Мы купались в пруду,
помню, пьявок боялся тогда я,
может быть, деревенских, их грозных атак,
городскому все внове, конечно, а так
лазил в дом через окна, разил лебеду,
от иного и прочего мало страдая.
Это будет потом в подростковом аду.
4
Сапог, надраенный до блеска,
слова, звучащие так веско:
партайгеноссе, Борман, шеф,
фрагмент истории отрезка –
одеколоном посвежев,
в мундире черном, похоронном,
блестя серебряным погоном,
с экрана – прямо в грезы дев,
щель рта над острым подбородком.
(Вся соль – в приветствии коротком )
- в прямоугольнике ТВ,
необходим, подобно сводкам
о близких паводках в Москве –
Максим Максимович Исаев,
похоже, что из прежних баев,
а может, тоже псевдоним,
а может, отпрыск иудея,
чуть шевелюрою седея,
сердца нам заполнял одним
желанием: бежать подале
от их Берлинов, Фердхенхалле,
от топтунов на их вокзале,
от встреч ненужных на канале
в какой-нибудь французский Ним.
5
Слухи: Быков пишет повесть
там расскажет он о… то есть.
понимаете о чем.
Драпируются фасады
к маю ярким кумачом;
медленно ползут сигары
за зеленым тягачом.
гул ракетной Ниагары.
Чувствуешь в строю плечом
близкое плечо соседа,
рассекаются колонны
кем-то в форме и без формы,
мельком синие погоны,
им сейчас, конечно, не до
отвлеченности идей;
в каждый строй не больше нормы
полагается людей.
6
Гибкий, как тени в японском кабуки,
Пятница учит усердно «аз», «буки»
«Веди», «глаголь» и «добро»,
чертит цилиндры, вникает в науки,
чистит жилище и строит метро,
У парня просто отменные руки
и неплохое покамест нутро.
7
Я уже немного стал постарше
Где –то в Чистопрудных лестниц марши
убегают к небу; чердаки,
Мастерские в старом доме Мосха,
в клетчатых рубашках чудаки
Имена Попкова, Фалька.
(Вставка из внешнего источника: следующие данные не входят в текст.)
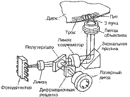 Луч лазера, отражается от призмы проходит сквозь фокусирующую линзу и падает на диск. Отразившись от диска, луч возвращается, проходит сквозь призму и падает на считывающий фотодетектор. Как видите, загрязнение линзы или призмы вдвойне ухудшают прохождение луча, так как два раза оказываются на его пути. Попадание грязи на оптику лазера является наиболее распространенной причиной прекращения нормальной работы привода: аппарат "заикается", не "распознает" или не раскручивает диски.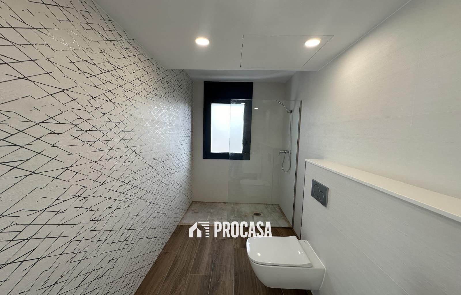 Die Terrasse und der Swimmingpool sind nach Südwesten ausgerichtet, so dass man das ganze Jahr über die Sonne genießen kann. Das Erdgeschoss ist in ein geräumiges Wohnzimmer mit Essbereich und offener Küche aufgeteilt. Die Gesamtwohnfläche von 62m2 ist von großen Fenstern umgeben, die viel Licht ins Innere lassen. Außerdem gibt es eine Gästetoilette, ein geräumiges Schlafzimmer mit Einbauschränken und ein Badezimmer mit italienischer Dusche.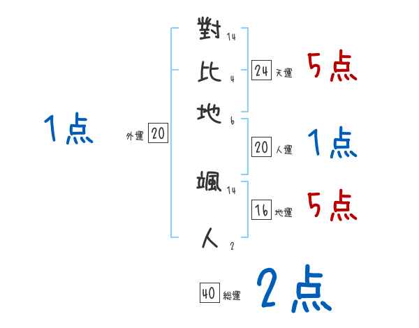 総運![]() | 對比地颯人さんの総運は40画の2つ星!自信過剰で物事に固執するためトラブルに注意。 あなたの人生を表す1番重要な運勢です。生涯を通じて影響する総合運となり、主に50歳以降の晩年期に影響を及ぼします。 |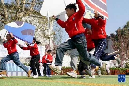 3月31日,徐州市漢橋小學(xué)的學(xué)生進(jìn)行“列車競(jìng)速”游戲。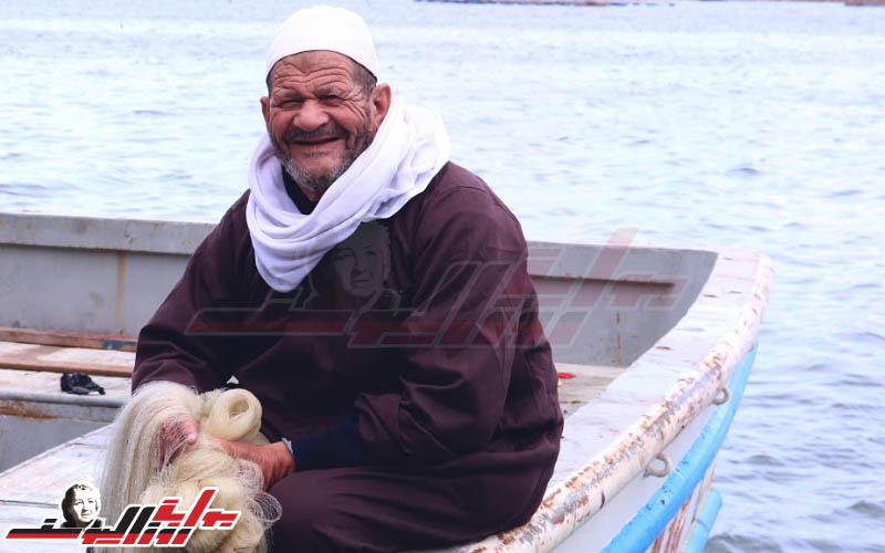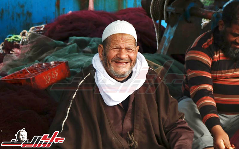 حفر الزمن سطورًا من حياته على وجهه، ومع ذلك لا تزال الابتسامة تشق الطريق بين تجاعيد العمر، فيترك بريق اعتزازه بقصته كصياد كهل وأب وجد قدوة لأحفاده وأبنائه.
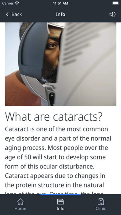 EYEGUIDE is a new app for cataract patients assisting them during the entire cataract treatment journey. In this app you will find helpful information about cataract and cataract surgery, as well as useful tools helping you to prepare for the cataract procedure and to optimally support the healing process.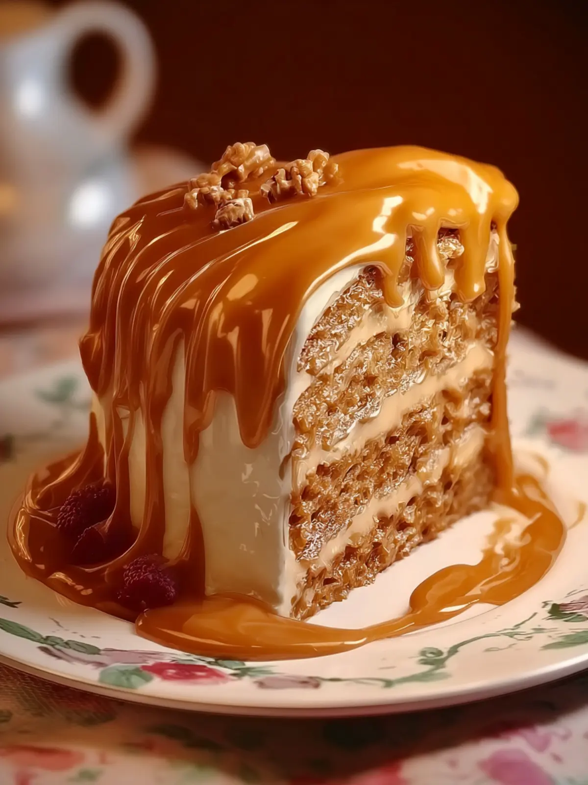 Decadent Caramel Icing: The caramel icing is where the magic happens! Drizzling this luscious topping over your cake adds an extra layer of indulgence, making it an eye-catching centerpiece at any dessert table. The contrast between the moist cake and smooth icing is simply heavenly.

Босха.
Разговоры, белые виски.
Время поцелуев, время съездов,
Спичей, раздающихся с трибун,
пьяниц что-то алчущих табун
выбегает из любых подъездов.
Время трех аккордов, подворотен,
время бесконечных анекдо,
весь режим вобравших от и до,
время недописанных полотен.
Юрий П выставляет холсты у стены
Плоскостей столкновенье. Пространства тесны
мастерской. Вот графический лист
Иллюстрации к Эдгару По:
Неожиданность лиц.
неожиданность поз.
Юрий П улыбается, наше признанье снискав.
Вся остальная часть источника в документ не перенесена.